# Car equipment



## Nickyb (Jul 11, 2011)

What do you guys use for car equipment or could recommend? I have a Lexus with leather seats that I'm trying to preserve, as well as the real Wood trim that costs hundred to replace. 

I was looking at the Kurgo products and have been contemplating on buying the car door guard and either back seat bridge or the hammock. I plan on taking my new dog everywhere i go with me so i am preparing for it now. I know there's a few products on amazon but not confident in there quality. I would much rather spend more money once rather then buy the same product four different times.

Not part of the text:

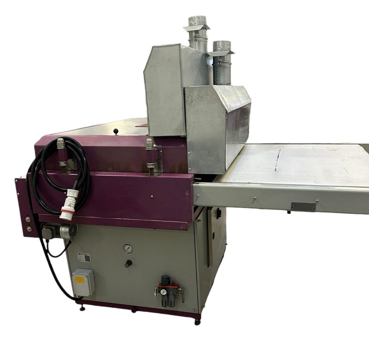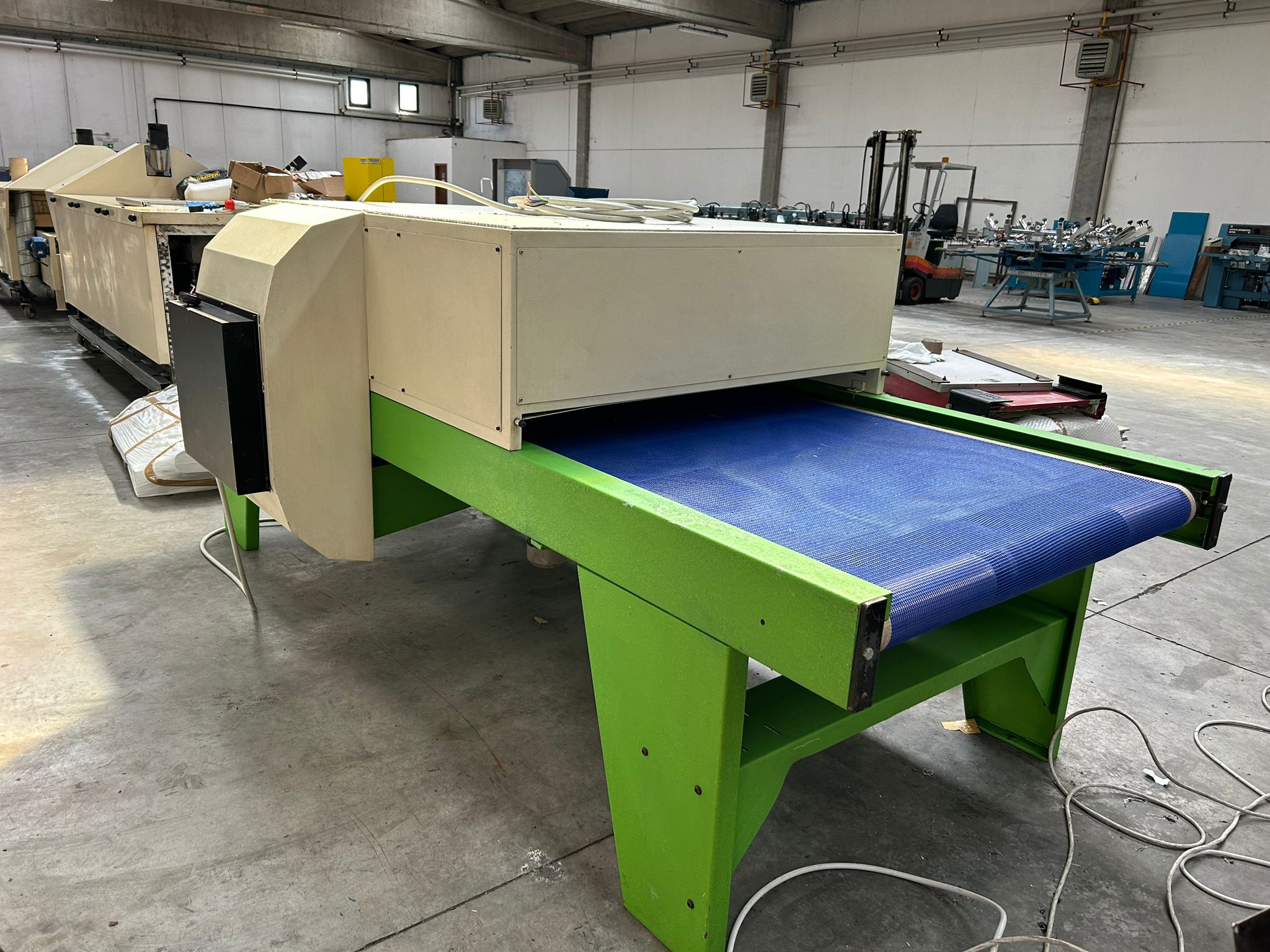 Alimentazione elettrica, completamente ad aria calda – temperatura massima 200° – ottimo per polimerizzare sia inchiostri plastici che all’acqua. Dimensioni 8m – utile tappeto 1m. Il forno è ricondizionato e portato alle normative di sicurezza attuali (2024). Venduto con garanzia e installato dai nostri tecnici.

If my new buddy likes to ride shotgun then of course ill be buying a seat cover as well, probably from walmart or something cheap. 

thanks for the help!


----------



## sabledog (Mar 13, 2012)

My dogs are always crated in the car. It's just so much safer for them. It helps keep the car a lot cleaner as well. I have two layers of blankets covering the back area of my Highlander and put the crates on top of there. I generally leave all of my dog equipment in the car, except leash, collar and food. Toys are always put away in the house but I have a number of balls that stay in the car as well as a no-spill water bowl.


----------



## chancey (Apr 11, 2012)

hi, lexus suv driver here as well.
*per mult other large dog breed owners- i don't crate or put a bar up- simply b/c of the protection the gsd offers to me as i drive in my car or if i have to make a quick stop.
if dog is crated, or confined via bars, what's to stop a criminal from getting into rest of vehicle ?

if my dog is free or APPEARS free? well- they wouldn't dare mess w/ us!!!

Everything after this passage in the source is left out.